Please note that next to the label
and address
fields, the source
property is mandatory as it describes where a certain piece of information is
coming from (either in the form of a URI or a textual description). Thus it
must either appear in the header or as part of a single tag.
TagPack properties can also be associated on the tag-level and overwrite header property values:
---
title: Second TagPack Example
creator: John Doe
description: A collection of tags commonly used for demonstrating GraphSense features
lastmod: 2019-03-15
label: Internet Archive
source: https://archive.org/donate/cryptocurrency
category: Organization
tags:
- address: 1Archive1n2C579dMsAu3iC6tWzuQJz8dN
currency: BTC
- address: 1K1rgZ1dz9w7dsR1HGS1drmzfUHMtqx1Tc
currency: BCH
- address: "0xFA8E3920daF271daB92Be9B87d9998DDd94FEF08"
currency: ETH
- address: rGeyCsqc6vKXuyTGF39WJxmTRemoV3c97h
currency: XRP
- address: t1ZmpK4QFcvyQZ3ghTgSboBW8b4HgiZHQF9
currency: ZEC
lastmod: 2019-04-16
Above example shows several tags associating addresses from various
cryptocurrencies with the label Internet Archive
. Most of them were collected
at the same time (2019-03-15), except the Zcash tag that has been collected
and added later (2019-03-20).
A tag is treated as a first-class object and is unique across TagPacks. That
implies that the same label (e.g., Internet Archive
) can be assigned several
times to the same address (e.g., 1Archive1n2C579dMsAu3iC6tWzuQJz8dN
),
typically by different parties.
Since TagPacks are essentially files pushed to some Git repository, they can be
uniquely identified by their Git URI
(e.g., https://github.com/graphsense/graphsense-tagpacks/blob/master/packs/demo.yaml
).
The URI identifier of a TagPack is set in config.yaml
in the root folder of each TagPack.
In config.yaml
, the base URI and the Cassandra keyspace are specified:
baseURI: https://github.com/graphsense/graphsense-tagpacks
targetKeyspace: tagpacks
Permitted fields and categorization information can be defined by
adding them to the schema file (schema.yaml
) of a TagPack repository.
That file also defines supported categories and possible forms of abuses.
fields:
header:
- title
- creator
- description
- tags
tag:
- address
- label
- source
- currency
- category
- lastmod
- abuse
categories:
- Exchange
- Wallet Service
- Miner
- Marketplace
- Gambling
- Mixing Service
- Other
- Unspecified
abuses:
- Scam
- Sextortion
- Hack
- Ransomware
- Ponzi Scheme
Please note that additional fields must also be considered in the schema
definition (./packs/schema_tagpacks.yaml
) when needed for further processing.
Step 1: Fork this repository
Step 2: Add your TagPacks to the folder packs
Step 3: Validate your TagPack ./scripts/tag_pack_tool.py validate packs/demo.yaml
Step 4: Contribute them to GraphSense public TagPack collection by submitting a pull request
All pull requests will be reviewed by the GraphSense core development team and only be accepted if the following conditions are met:
1.) None of the tags contains personally identifiable information (PII)

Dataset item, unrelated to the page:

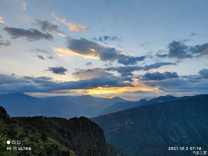 又到一年十一,很久没有自驾出游,一直都不觉得十一是自驾远行的好时光。但今年十一,按耐不住出行的心,带上儿子女儿,拿着我的小米11,开着跑了不到3000公里的星越L,选了个本地名气不大但风光十分壮阔的大峡谷,转了转。先来一幅风光旖旎的耶稣光下的大峡谷,蓝天白玉绿水青山,光影之间,气定神闲。大峡谷位于祖国西南,大凉山会东县,旁边就是著名的乌东德大电站,风光壮丽。MI 11 ULTRA 拍 吉利的 KX11(星越L)旗舰对旗舰MI 11 ULTRA 记录Geely K11运行轨迹,相得益彰MI 11 ULTRA国产旗舰,Geely K11(星越L,4驱旗舰)也是国产旗舰,旗舰拍旗舰,旗舰带旗舰。光影间,山川雄奇青山伴蓝天白云?,空气清新。

2.) All tags originate from public sources
3.) All tags provide a dereferenceable pointer to their origin
TagPacks not fulfilling above criteria can be maintained in some private Git repositories.
Ensure that there is a keyspace tagpacks
in your local Cassandra instance.
./scripts/create_tagpack_schema.sh
Put your TagPacks in the packs
subfolder and validate and ingest them:
./scripts/tag_pack_tool.py validate -f <root_folder1> [<root_folder2> ...]

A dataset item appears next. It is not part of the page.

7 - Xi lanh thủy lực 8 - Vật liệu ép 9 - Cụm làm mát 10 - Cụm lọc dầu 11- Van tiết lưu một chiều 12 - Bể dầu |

./scripts/tag_pack_tool.py ingest -f <root_folder1> [<root_folder2> ...]
<root_folder1>
is your TagPack folder (default: this folder), but it
can be set to another TagPack folder with different config.yaml
and packs
(e.g., private data). A list of arguments is also supported, in case
multiple TagPacks folders need to be validated and ingested.
When ingesting TagPacks, you can specify the batch size to improve performances
with the -b
parameter (default is 500).
After ingesting new TagPacks you should re-run the graphsense-transformation job in order to propagate newly added tags over all computation steps.